What to produce: Word for word, copy the line containing "신동섭 시의원은 2025" and every line after it in the records below, leaving pictures out.

━━━ Supplied entries

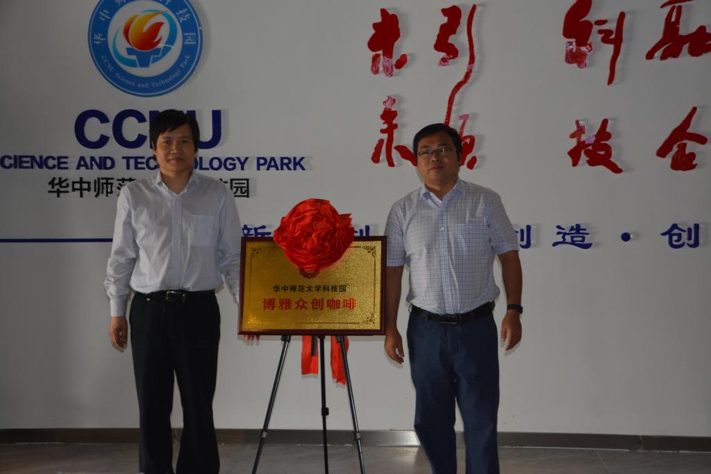武汉市科技局政策法制处石柏林处长和东湖开发区科创局钟复平副局长共同为“华中师范大学科技园博雅众创咖啡”创新型孵化器揭牌,宣告华师科技园博雅众创咖啡建设落成并正式启用。博雅众创咖啡是华师科技园为响应“大众创业万众创新”号召,专门针对“创客”创建的集创业培训、创业指导、创业交流、投融资对接等功能一体的创新型孵化器,博雅众创咖啡的落成将进一步完善华师科技园科技创业服务体系。
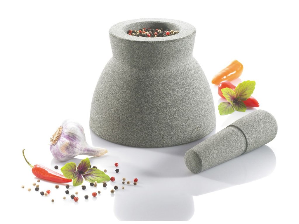 Granitový hmoždíř CRUNCHY přináší do vaší kuchyně dvojí užitek, protože je oboustranně použitelný – ideální pro malé množství koření nebo větší porce pesta a bylinkových past.
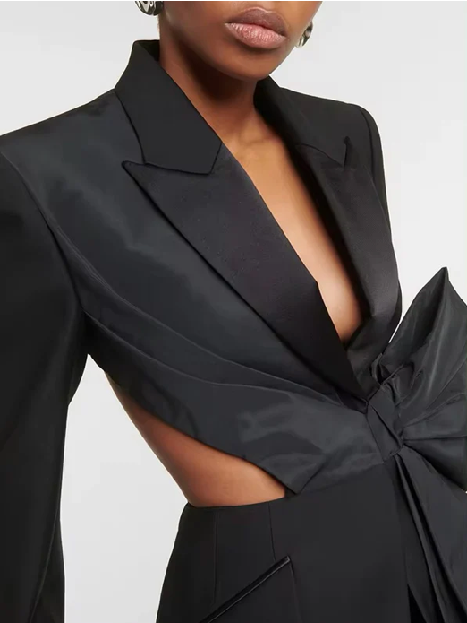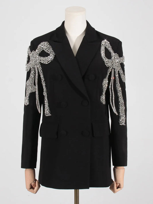 Sparkly Rhinestone Ribbon Double Breasted Oversize Blazer
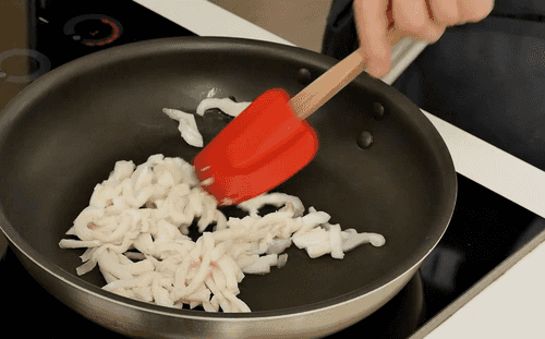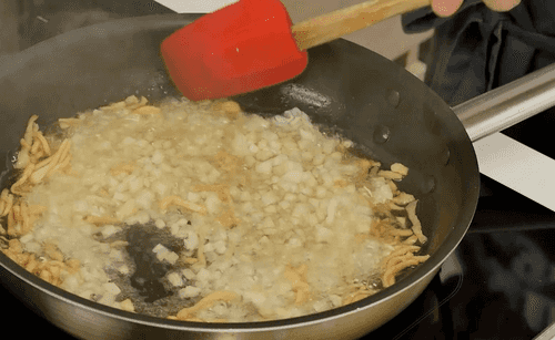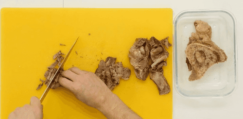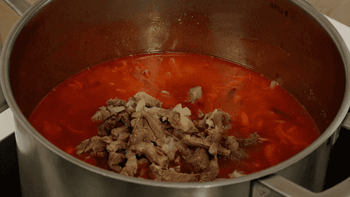 Процедить бульон, мясо нарезать небольшим кубиком, а бульон вернуть на плиту и довести до кипения.
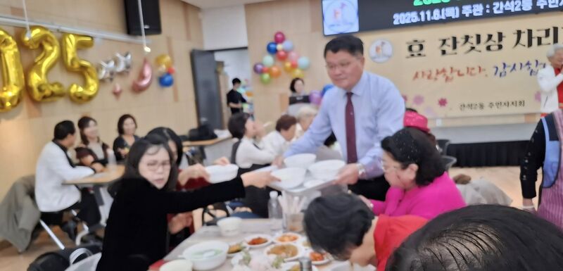 신동섭 시의원은 2025 간석2동 주민자치회 효(孝) 잔칫상 차리기 행사에 참석하여 어르신들을 정성껏 모셨다고 밝혔다.
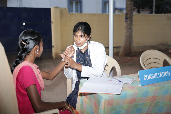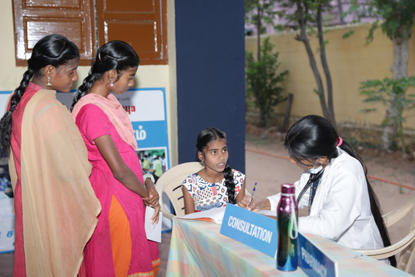 Dr. Shilpa Samuel Dhinakaran inaugurated a free medical camp at Moongilmadaikuttaipathy village on March 25th, 2022, to provide the marginalised population access to quality healthcare. A student representative from Evangeline Matriculation School from the local community also volunteered with the healthcare team during the occasion.
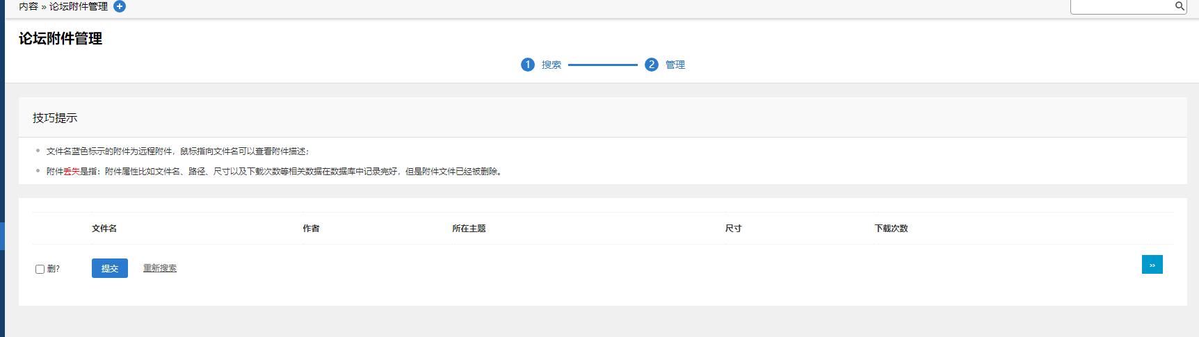 [新問(wèn)題] 后臺(tái)論壇附件管理-只搜索記錄存在但文件缺失的附件,條數(shù)不足一頁(yè)但是也有翻頁(yè) |

━━━━━━

Solution to the problem:
 신동섭 시의원은 2025 간석2동 주민자치회 효(孝) 잔칫상 차리기 행사에 참석하여 어르신들을 정성껏 모셨다고 밝혔다.
 Dr. Shilpa Samuel Dhinakaran inaugurated a free medical camp at Moongilmadaikuttaipathy village on March 25th, 2022, to provide the marginalised population access to quality healthcare. A student representative from Evangeline Matriculation School from the local community also volunteered with the healthcare team during the occasion.
 [新問(wèn)題] 后臺(tái)論壇附件管理-只搜索記錄存在但文件缺失的附件,條數(shù)不足一頁(yè)但是也有翻頁(yè) |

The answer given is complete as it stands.